Ratna was the cousin of actors Nandamuri Kalyan Ram and Jr. N.T.R, and politician Nara Lokesh. He is the nephew of actor and politician Nandamuri Balakrishna, actor and politician Nandamuri Harikrishna, politicians Daggubati Purandeswari,Daggubati Venkateswara Rao, and former chief minister of Andhra Pradesh, N. Chandrababu Naidu.
Fondly called "Obu" by his family, Taraka Ratna was reportedly willing and preparing himself to contest in the 2024 Andhra Pradesh Legislative Assembly Elections, according to Telugu Desam Party chief N. Chandrababu Naidu.

Career 
Ratna made his debut with Okato Number Kurraadu (2002), written and produced by K. Raghavendra Rao.
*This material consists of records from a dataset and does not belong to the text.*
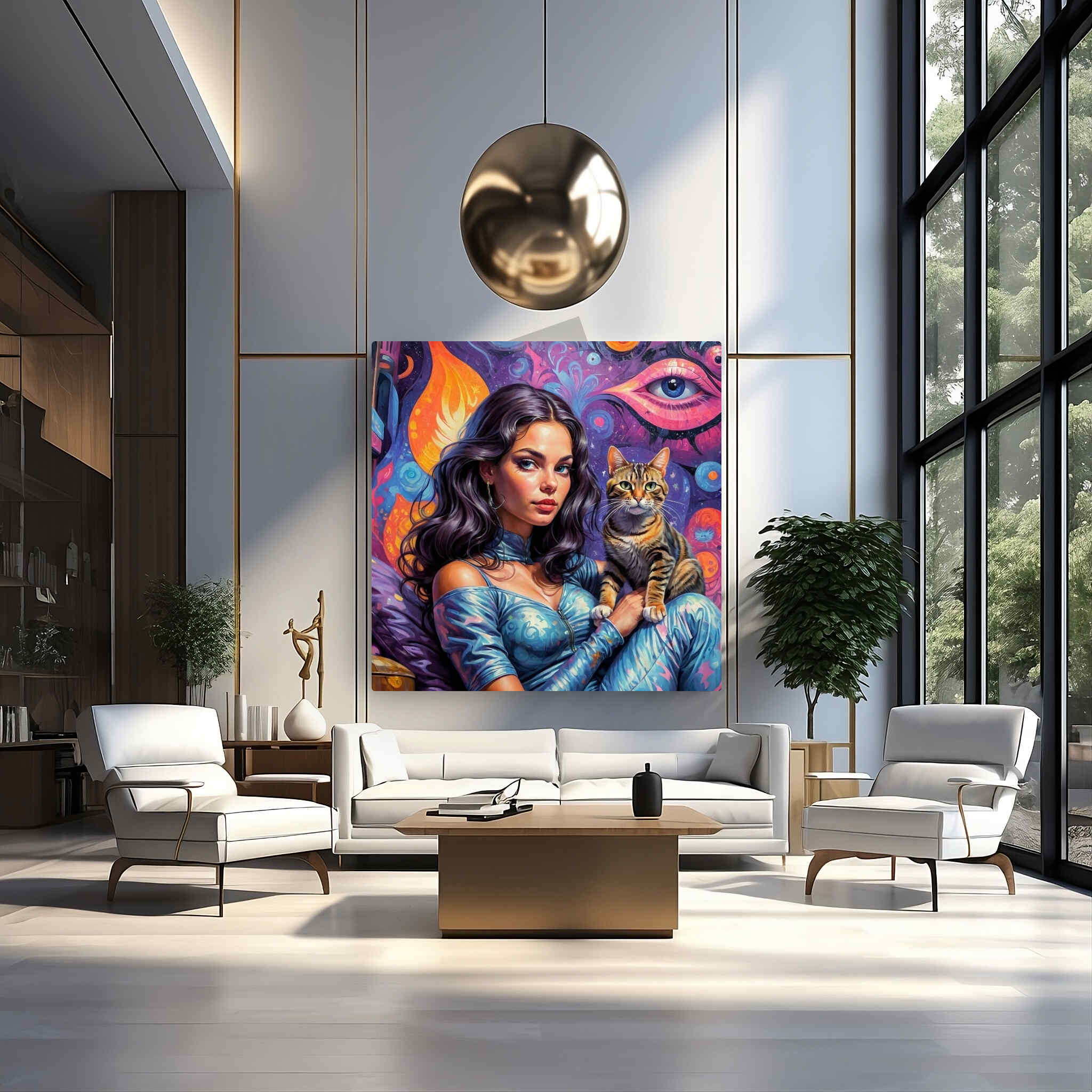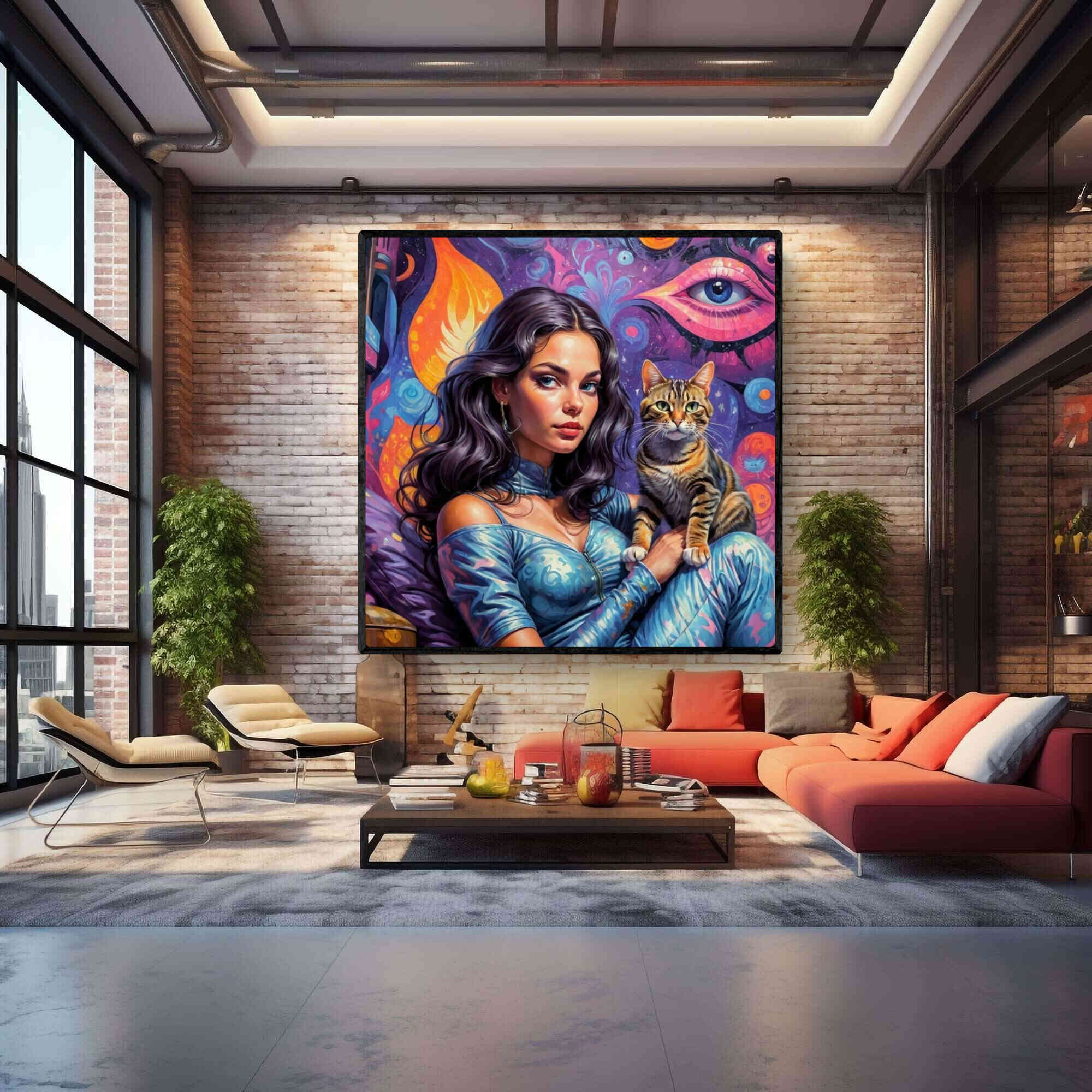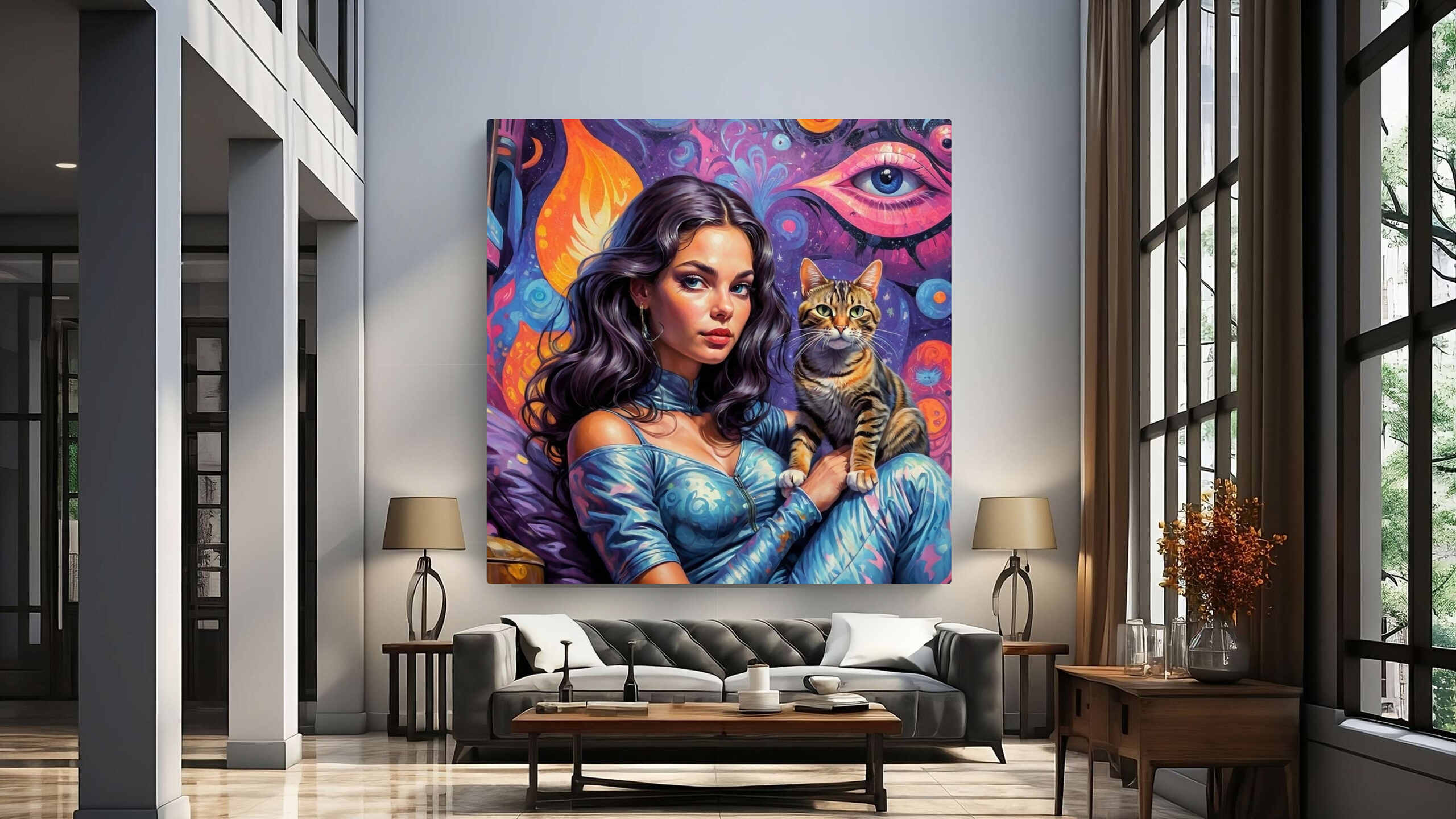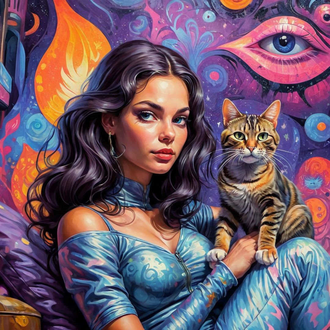 There’s a whisper of rebellion in her smile, like she knows the rules… and chooses to ignore them. Draped in the shimmer of the psychedelic sixties, she’s equal parts enchantress and outlaw — all cat-eye eyeliner, velvet shadows, and dangerous softness. Her feline companion perches beside her, equally composed, equally untamed.
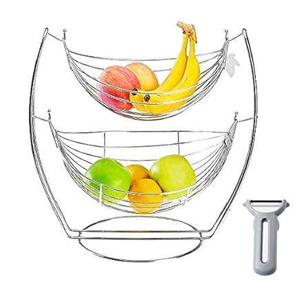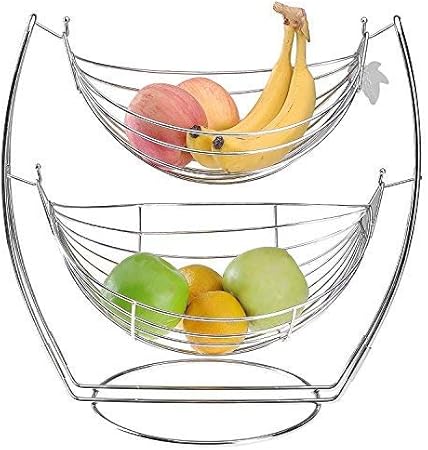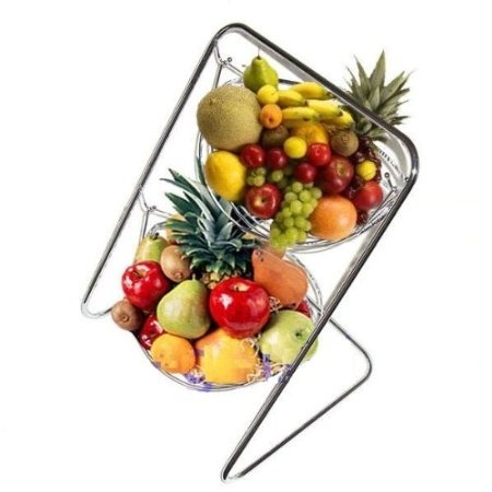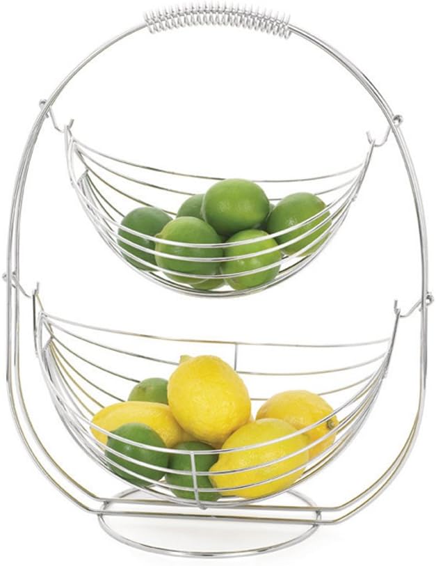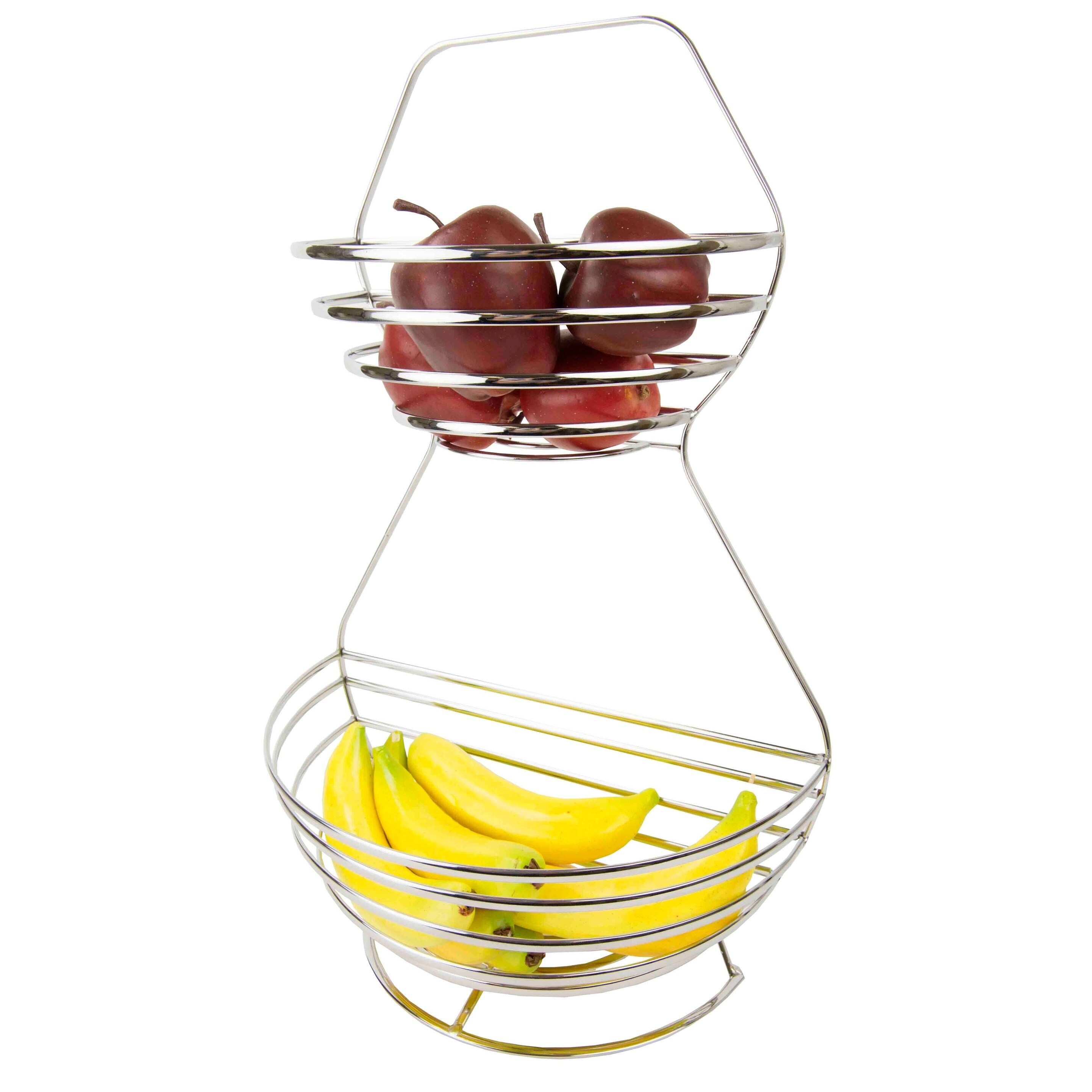 2 Tier Fruit Basket Large Capacity Fruit Bowls Chrome Swinging
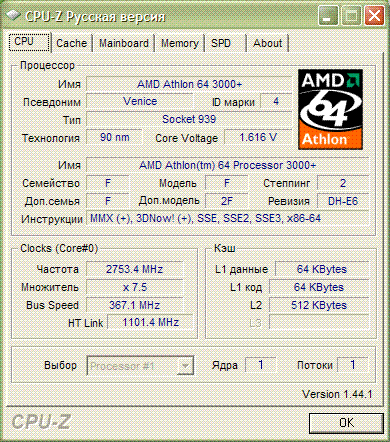 | Процессор (ядро) | AMD Athlon 64 (Venice) |
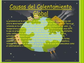 El documento define el desarrollo sostenible como aquel que satisface las necesidades actuales sin comprometer los recursos de las futuras generaciones. Explica que el calentamiento global es causado por el aumento de gases de efecto invernadero como resultado de la actividad humana, lo que está provocando el derretimiento de los hielos y el aumento del nivel del mar. También describe algunas consecuencias como el crecimiento del nivel del agua, el aumento de enfermedades respiratorias y la escasez de alimentos.
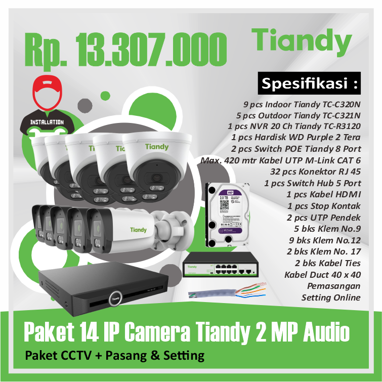 Paket 14 IP Camera Tiandy 2 MP AudioRp 13.307.000
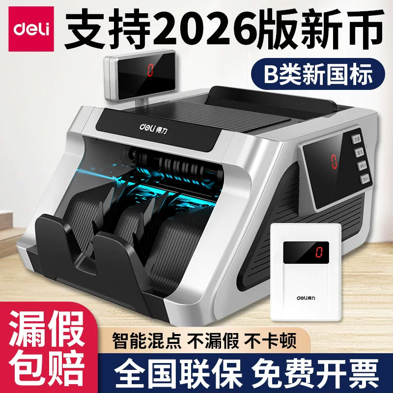 得力B类2026新版人民币验钞机商用收银小型便携式超市家用新三屏点钞机智能办公数钞机通用新款语音提示播报
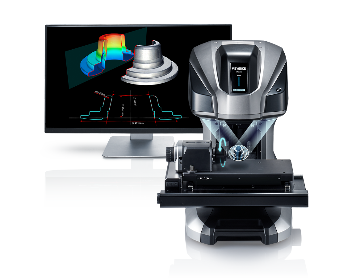 表面 3D 輪廓量測儀「VR-6000 系列」以非接觸方式實(shí)現(xiàn)粗糙度儀、輪廓形狀測量儀的量測。此 3D 輪廓量測儀可以使用 0.1 μm解析度掌握觸針式無法完全量測的面整體形狀。全新搭載了電動(dòng)旋轉(zhuǎn)裝置。藉由一邊旋轉(zhuǎn)樣品一邊量測,無死角呈現(xiàn)真實(shí)的截面形狀。輕鬆量測以往必須截?cái)嗖拍苷_量測的部位厚度及深度尺寸。掃描能力透過 HDR 掃描演算法進(jìn)化,針對(duì)光學(xué)式輪廓量測儀不易量測的光澤表面及較弱的反射材料目標(biāo)物,亦可以瞬間判斷最佳條件,準(zhǔn)確量測形狀。動(dòng)態(tài)掃描範(fàn)圍最高可達(dá)以往的 1000 倍。
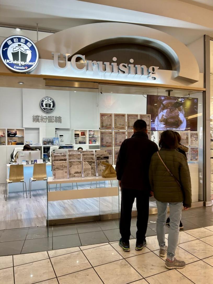 缤纷邮轮列治文分店吸引许多民众驻足观看邮轮资料。星岛记者黄忆欣摄
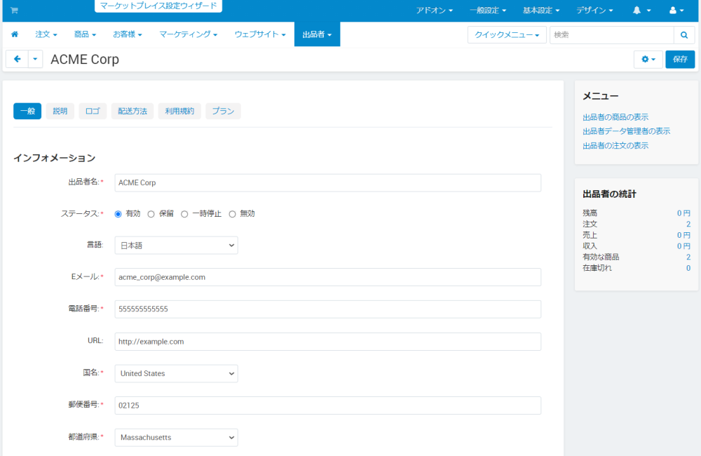 出品者一覧から編集リンクをクリックすると、出品者情報を編集できます。
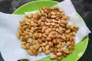 8. Обжаренный миндаль переложить на бумажное полотенце, дождаться, когда он остынет, и затем измельчить в комбайне или вручную - порубить ножом.
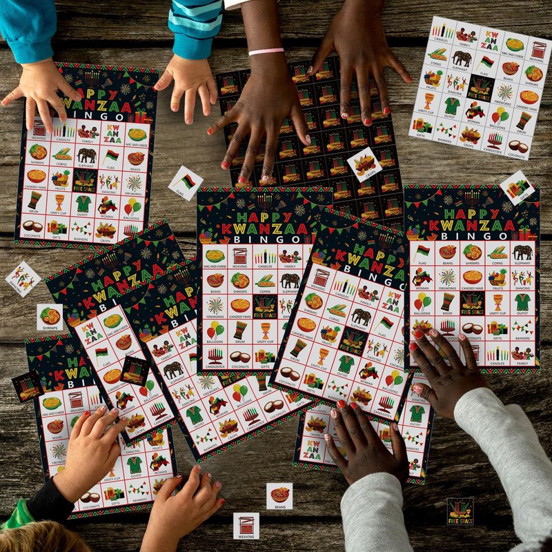 - Kwanzaa Game Set: you'll receive 28 bingo player cards, 10 marking cards (56 chips per card), and 1 calling card. It enables a large group to play simultaneously. Enjoy this thrilling Kwanzaa holiday game with your family and forge lasting memories
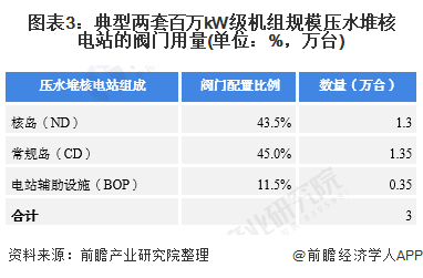 從中國核電機組的發(fā)展來看,核電閥門的需求量遠高于同容量級的火電站。以容量為80萬千瓦的核電站為例,通徑DN25-1000mm的閥門需求量為8000-10000臺,為同類火電站的2-3倍。一座有2套百萬kW級核電機組的核電站需各類閥門3萬臺,其中核島(NI)用閥門1.3萬臺,常規(guī)島(CI)用閥門1.35萬臺,電站輔助設施(BOP)用閥門0.35萬臺。
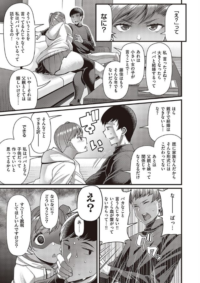 妻に浮気され、最愛の娘・藤佳は間男の子供だと知ってしまった僕。それでも、愛情を注いで育ててきたかわいい娘は、パパに子作りを迫ってくる…!?すっかり大きく育ったおっぱいと強引なキスでエッチのおねだりをされた、いくらパパでも断れないっ!!痴女っ娘の大家・皐月芋網先生が熱筆! 親子愛を超えた父娘のラブラブ子作り♪
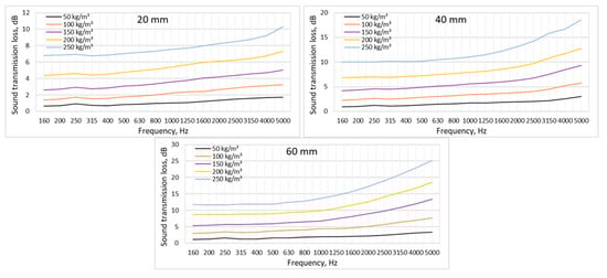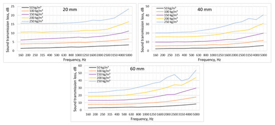Nowadays, in order to follow the trends and principles of sustainability, natural materials are often investigated in acoustics and noise prevention. Hemp fibre is a sustainable alternative to conventional sound-absorbing or insulating materials. The aim of the research is to investigate the acoustic properties of different types of hemp fibre. Five different types of hemp fibre were tested: bleached, cottonized, boiled cottonized, well-stripped decorticated, and short, not combed decorticated fibres. The hemp fibre samples were varied in thickness from 20, 40, and 60 mm and density from 50 to 250 kg/m3 in steps of 50 kg/m3. The sound transmission loss of the material was measured using an impedance tube. In order to predict the sound absorption properties of the samples, the airflow resistivity of the hemp fibre was determined. Based on the theoretical calculations proposed by Delany, Bazley, and Miki, a theoretical analysis of the sound absorption of hemp fibre was performed. In order to determine the dependence on different fibre types, all fibres were examined using SEM. It has been found that hemp fibre can be used as an insulating or sound-absorbing material in noise prevention, as a sustainable alternative to conventional materials.
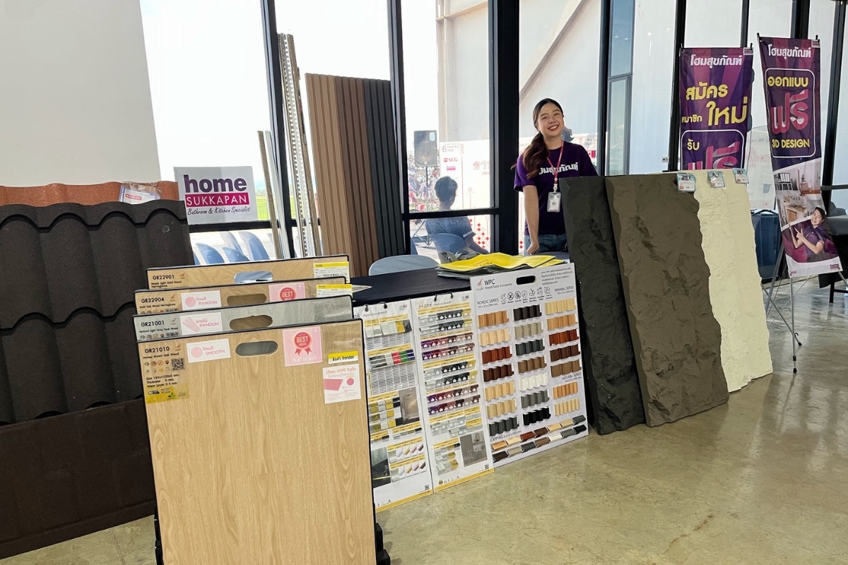 โฮมสุขภัณฑ์ได้นำสินค้า House Brand และสินค้าใหม่ขายดี มาแสดงภายในงาน อาทิ หลังคาเหล็กเคลือบเซรามิค ,PU โฟม แผ่นตกแต่งผนัง ,กระเบื้องยาง SPC ,ระแนงตกแต่ง มีลูกค้าให้ความสนใจและเข้ามาสอบถามสินค้าเป็นอย่างมาก

During his debut, Taraka Ratna signed nine films at once as the lead (a world record) including Yuva Rathna (2003), Taarak (2003), and Bhadradri Ramudu. His role as the antagonist in Amaravathi (2009), for which he received a Nandi Award, was well received.
He also acted in Nandeeswarudu, Maha Bhaktha Siriyala(2014), Venkatadri(2009), Kakatheeyudu(2019), Devineni(2021) and a webseries 9 Hours among others.

Family 
Taraka Ratna married Alekhya Reddy, a divorcee, on August 2, 2012 at the Sanghi Temple . She was a costume designer in one of his films where they met and fell in love. Despite both their families being against the marriage, they tied the knot in the presence of a couple of friends and two family members from Reddy's side. The couple were blessed with three children, a girl in 2013 and later a twin boy and a twin girl.

Illness and death 
On 27 January 2023, he participated in a political road yatra yuva galam  event with his cousin Nara Lokesh in Kuppam, Andhra Pradesh. During the event, Ratna suffered a massive cardiac arrest and fainted. He was administered Cardio Pulmonary Resuscitation (CPR) and first aid. He was taken to a local hospital in Kuppam for treatment, and on the following day transferred to a specialized cardiac hospital in Bangalore. Heart specialists from USA were brought for his treatment, and procedures Balloon Angioplasty, Intra Aortic Balloon Pump, vasoactive support and other advanced cardio services were provided to him two days before his death. 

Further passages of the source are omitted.